Deshalb verfolgen sie zurzeit eine Doppelstrategie: einerseits
lassen sie die Zentralbanken im Hintergrund ein neues
System, nämlich digitales Zentralbankgeld, vorbereiten,
andererseits nutzen sie die Endphase des noch bestehenden
Systems, um es kontrolliert zu zerstören und dabei nach
allen Regeln der Kunst zu plündern.
Der mit
Abstand größte Verlierer dieser Entwicklung ist der
Mittelstand.
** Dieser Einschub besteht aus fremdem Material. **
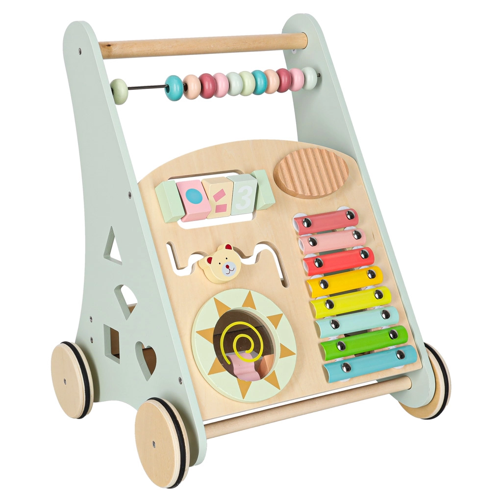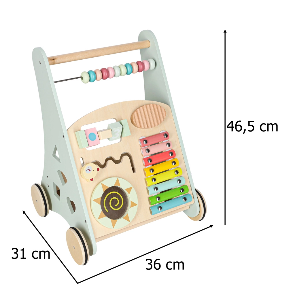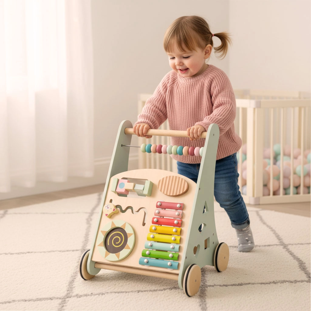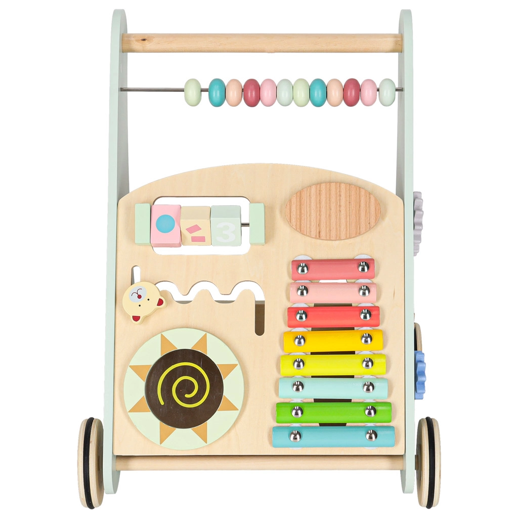 Stabiel houten loopwagentje met telraam en een rijk activiteitenpaneel helpt kinderen vanaf 12 maanden leren lopen en de wereld ontdekken. Biedt een xylofoon, telraam, vormenstoof, tandwielen, kralenlabyrint en klok. Dankzij de stevige constructie, rubberen wielen en veilige verf op waterbasis ontwikkelt het motoriek, zintuigen en logisch denken – en het plezier duurt echt lang.
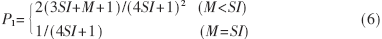 (2)而當不完全重合即M< SI時,則有兩種情況,可能從左邊,也可能從右邊重合。即: P02=2×(3SI+M+1)/(4SI+1)2 (5)
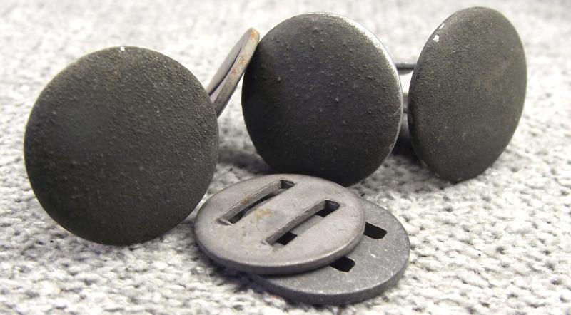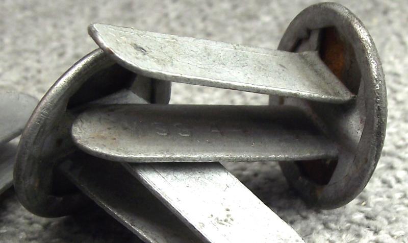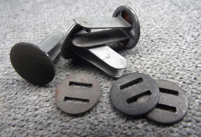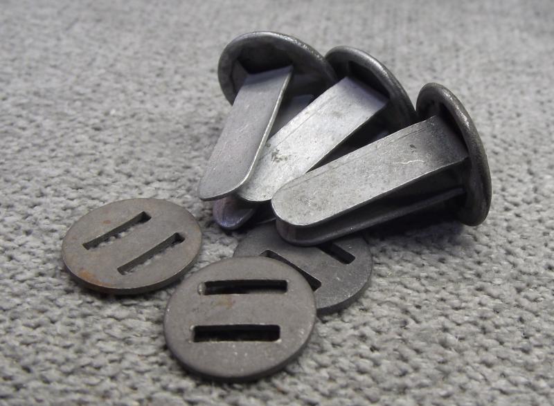 A full set of un-issued period helmet liner pins with there rear washers. All three heads have the same late war paint finish and all three are stamped to the inside pins, MSS-44.
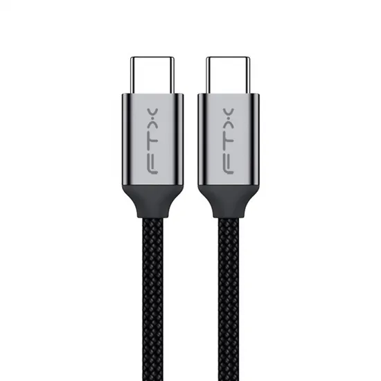 Cabo USB-C Macho para USB-C Macho 3.2, 1M FTX CT-C160-PU31-CMCM2-AG1, 20GBPS, 100W, 20V, 5A, 4K, 60HZ/120HZ, 1080P, Preto, Carcaça de Alumínio, Nylon Trançado
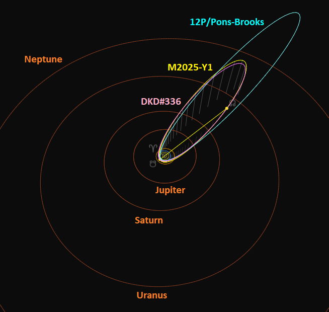 A search for possible parent bodies for the M2025-Y1 orbit resulted in the ten best matches listed in Table 7 with comet 12P/Pons-Brooks as most likely candidate, the same parent body of the December kappa-Draconids. The M2025-Y1 orbit fits with the 12P/Pons-Brooks orbit with DSH = 0.21 & DD = 0.11 & DJ = 0.14, the DKD#336 orbit fits with DSH = 0.21 & DD = 0.10 & DJ = 0.17. Figure 28 shows the three highly inclined orbits in space.
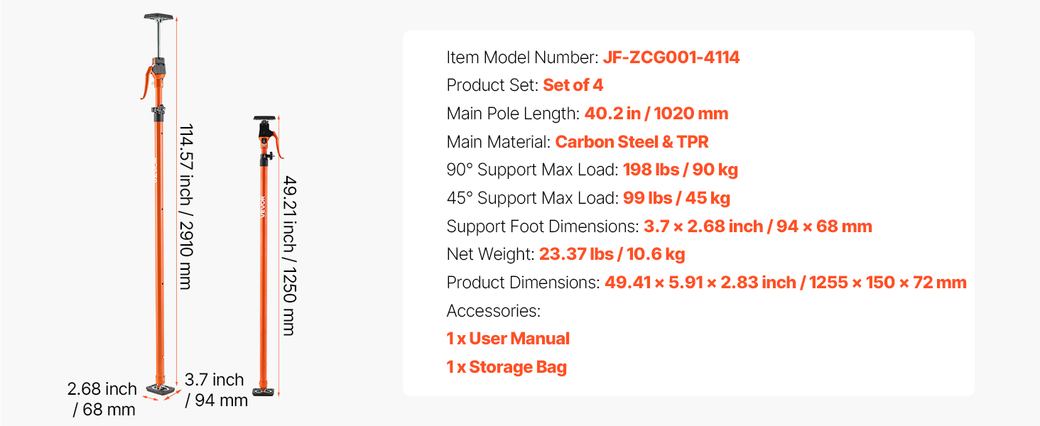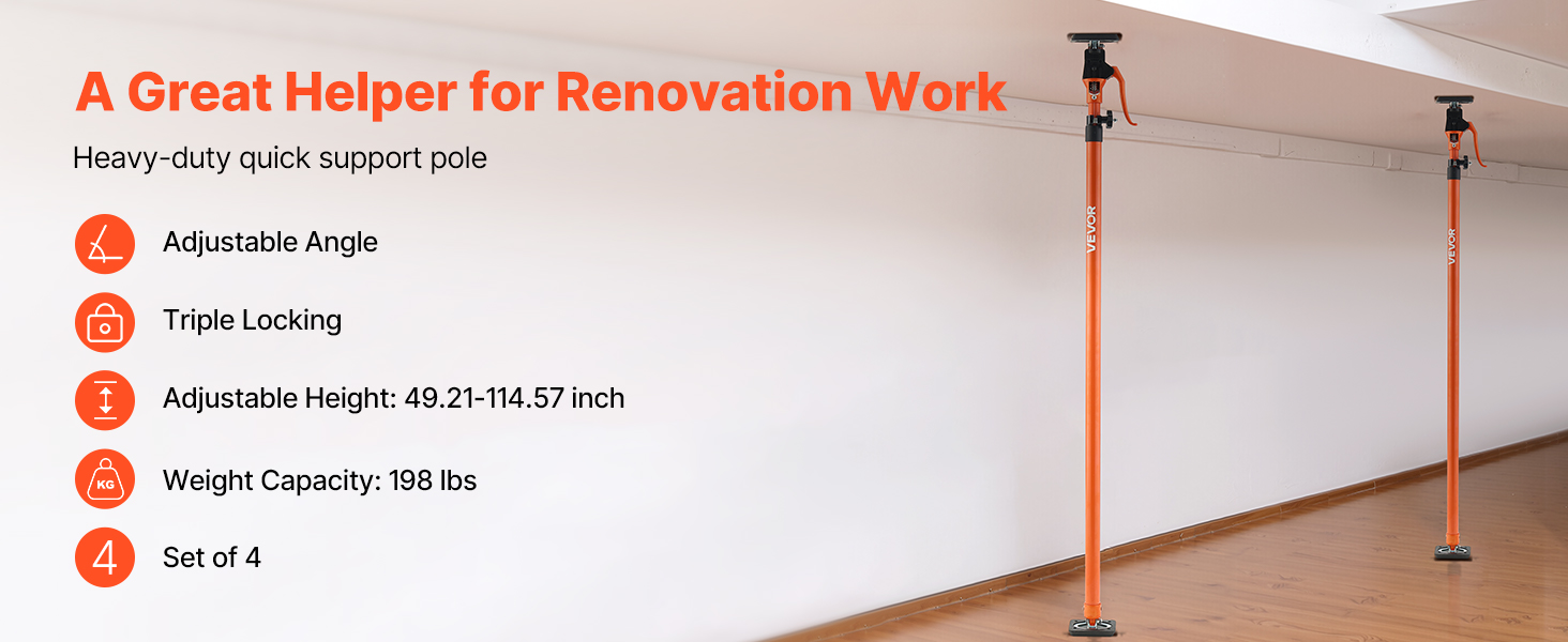 Táto súprava 4 ks podperných tyčí pre skrinky poskytuje účinnú podporu nákladu na stavbách, v skladoch a pri domácich projektoch. S nosnosťou 198 libier, nastaviteľnou výškou a bezpečným uzamykateľným dizajnom je ideálna na zdvíhanie alebo pridržiavanie skríň, sadrokartónových dosiek a ďalších predmetov.
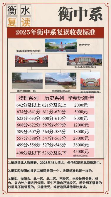 需要注意的是,复读招生滏阳中学和衡水实验中学报名系统和收费标准都是一样的,学校在复读招生完毕以后,按照学生选科组合、高考分数、户籍分类,将学生分配到不同校区。
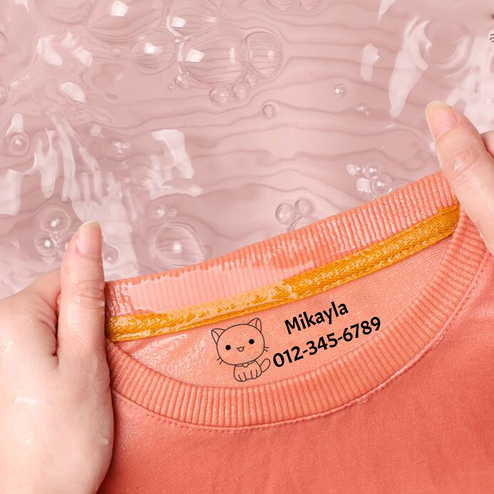 - Say goodbye to the troublesome way of ironing and sewing labels,clothing marking can be done easily with just one tap,Our unique stamp is designed with a waterproof attribute, it can be Water wash or dry cleaned, and the ink will never fade
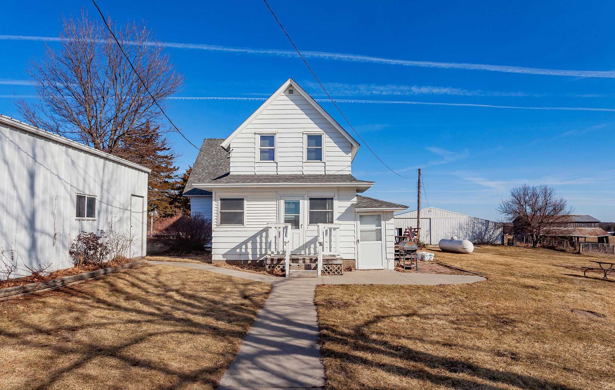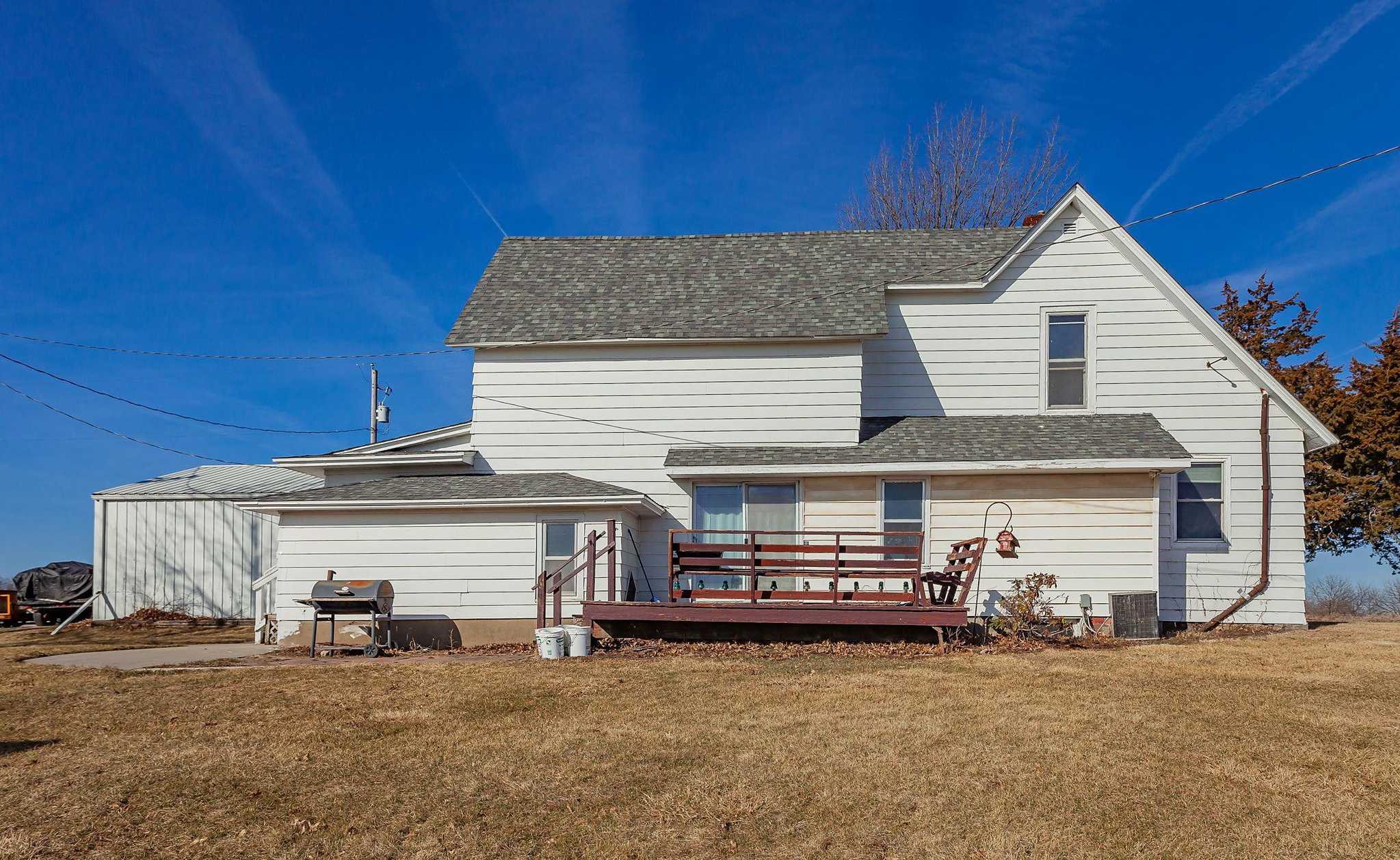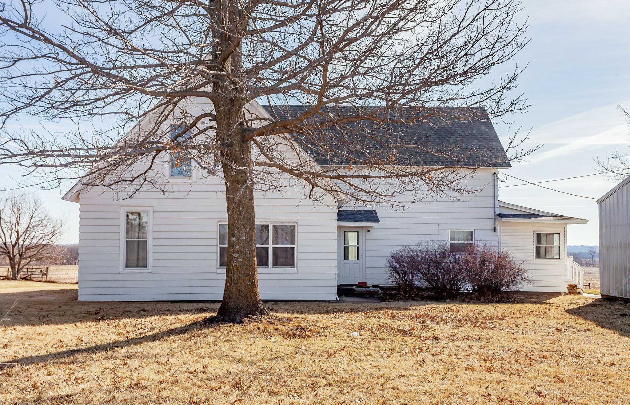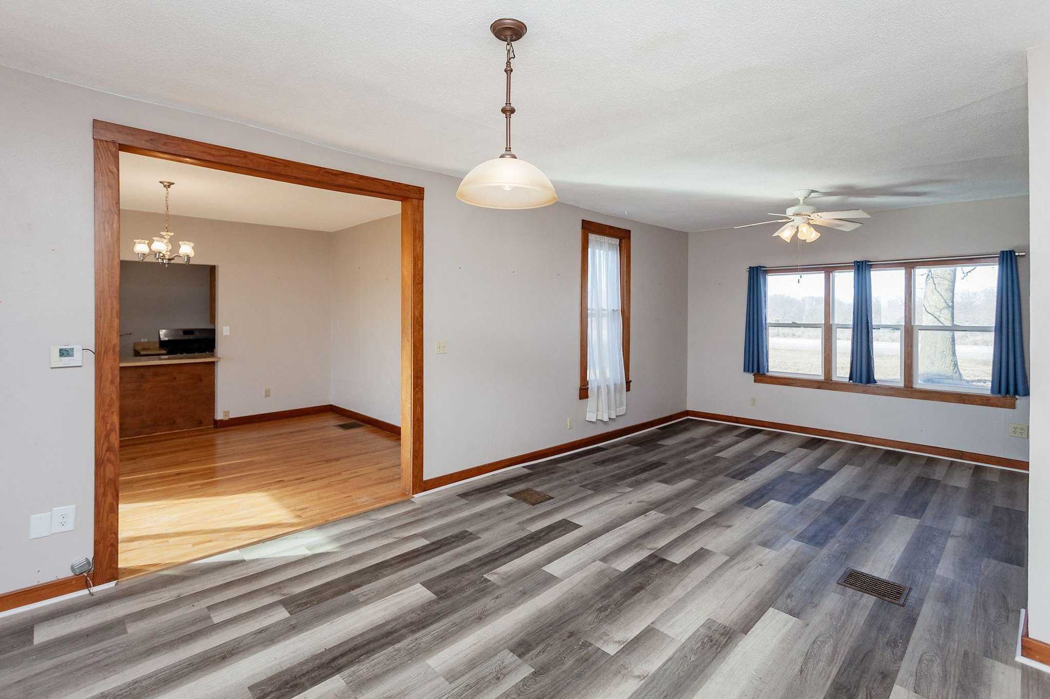 The farmhouse is an early-1900s, 1 1/2-story home with 1,523 square feet of finished living space, featuring 3 bedrooms, 1 bathroom, central air, and heat. The main level is an open concept, with a spacious living room and kitchen. The home has been well maintained with various improvements over the years, including a newer roof, newer flooring, and more. Additionally, there is an oversized 26' x 30' detached two-car garage, along with two farm buildings: a 44' x 60' steel shed with concrete floors and a red, rustic 1950s pole barn.
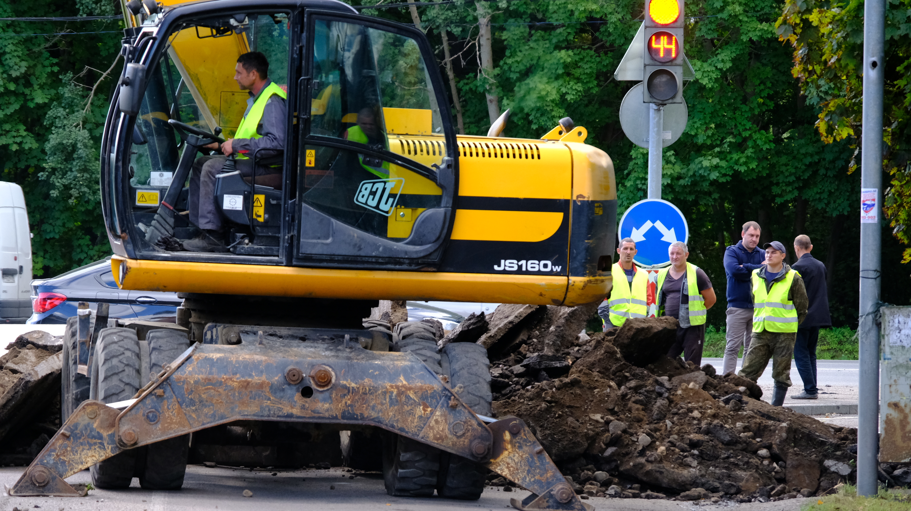В субботу на перекрёстке Спасателей - Балтийское шоссе должны также установить 8-метровые мачты с временными светофорами.
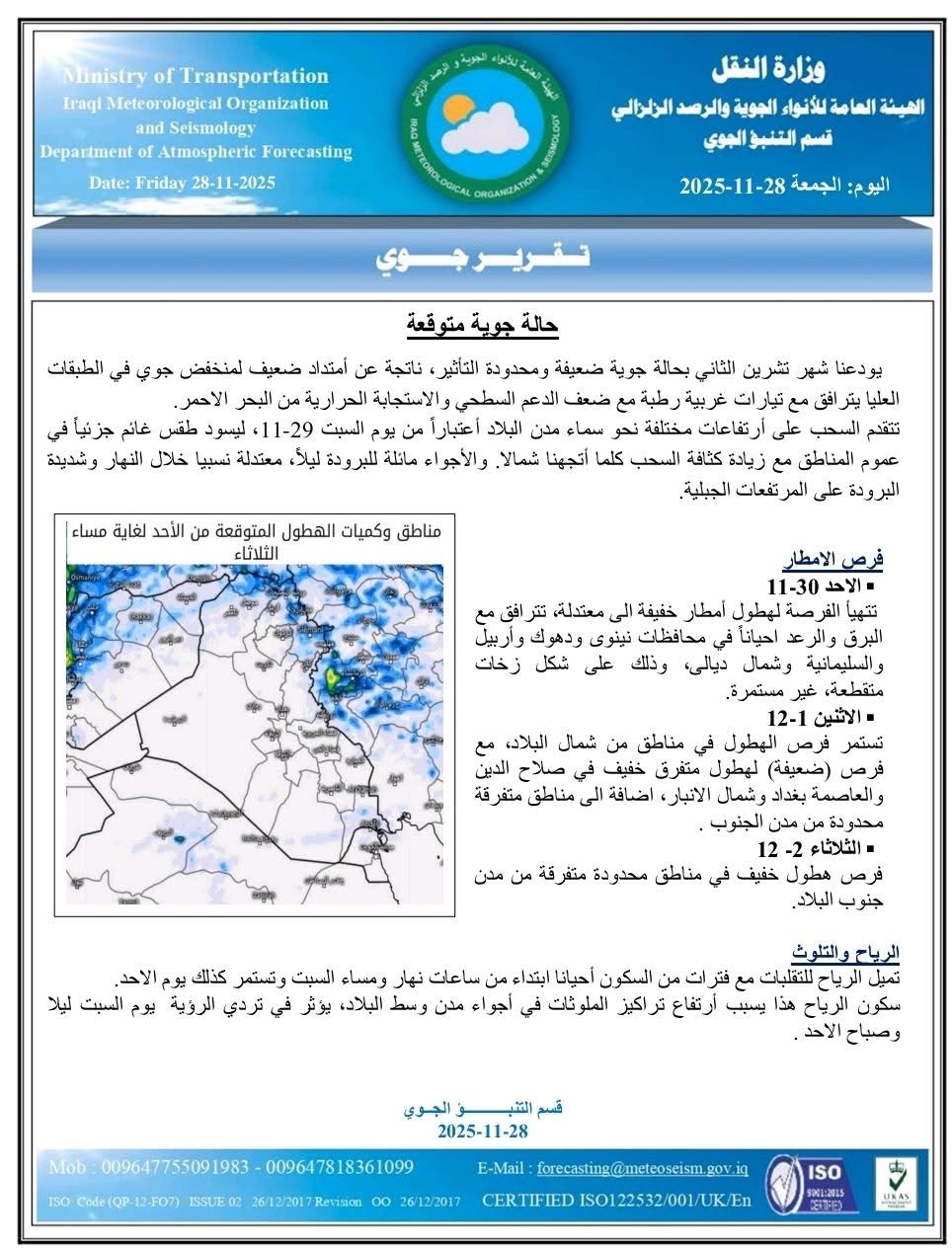 توقع تقرير جوي صادر عن الهيئة العامة للأنواء الجوية والرصد الزلزالي، اليوم الجمعة، ( 28 تشرين الثاني 2025 )، حالة جوية ممطرة ضعيفة ومحدودة التأثير في مناطق محدودة من مدن البلاد، تستمر أيام الأحد والاثنين والثلاثاء من الأسبوع المقبل.
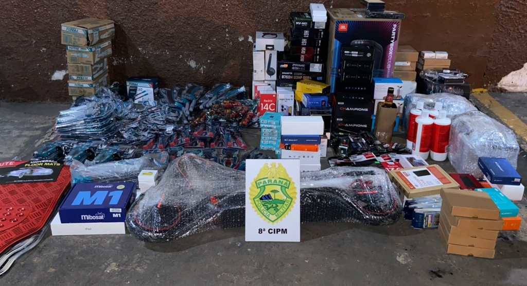 Foram apreendidos, 16 celulares, 287 ferramentas, dois relógios, três caixas de som, três tablets, peças para computador e material de pesca, sete fones de ouvido, um patinete elétrico e um drone. Segundo a PM, os produtos seriam levados para os estados de Santa Catarina e Rio Grande do Sul. O veículo e as mercadorias foram apreendidos. Já o motorista responderá pelo crime de descaminho.

Großkonzerne, insbesondere die
weltbeherrschenden Plattform-Unternehmen, können auf
riesige Rücklagen zugreifen, ihren Aktienkurs über
Aktienrückkäufe künstlich in die Höhe treiben, an den
Finanzmärkten spekulieren oder durch Leerverkäufe
selbst von Kursrückgängen profitieren. Sie können die
aktuellen Zinserhöhungen daher ohne große Probleme
verkraften.
Der
Mittelstand kann das nicht. Er kann sich auf Grund seiner
beschränkten Mittel nicht an der Spekulationsorgie
beteiligen, sondern muss mit Bedacht wirtschaften, lebt
wegen der anziehenden Inflation bereits oft von der Hand
in den Mund und wird daher von den Zinserhöhungen mit
voller Breitseite erwischt.
Was
zurzeit provoziert wird, ist ein Massensterben
mittelständischer Betriebe, das noch in diesem Herbst
einsetzen wird. Für die Gesellschaft wird das fatale
Folgen haben, denn es ist der Mittelstand, der die
meisten Arbeitsplätze schafft, die meisten
Ausbildungsplätze zur Verfügung stellt und die
höchsten Steuern zahlt.
Da der
Mittelstand diese Entwicklung bisher fast widerstandslos
hingenommen hat, droht unserer Gesellschaft eine für uns
alle höchst gefährliche Entwicklung. Ob sie noch zu
stoppen ist, kann niemand sagen, aber wenn wir auch
weiterhin nichts dagegen unternehmen, ist das Schicksal
unserer Gesellschaft besiegelt.
Deshalb
ist es höchste Zeit, alle Kräfte zu bündeln und uns
gegen die zerstörerische Agenda zu wehren, und zwar mit
der effektivsten Waffe, die uns zur Verfügung steht:
ruhiger, nüchterner und besonnener Aufklärung.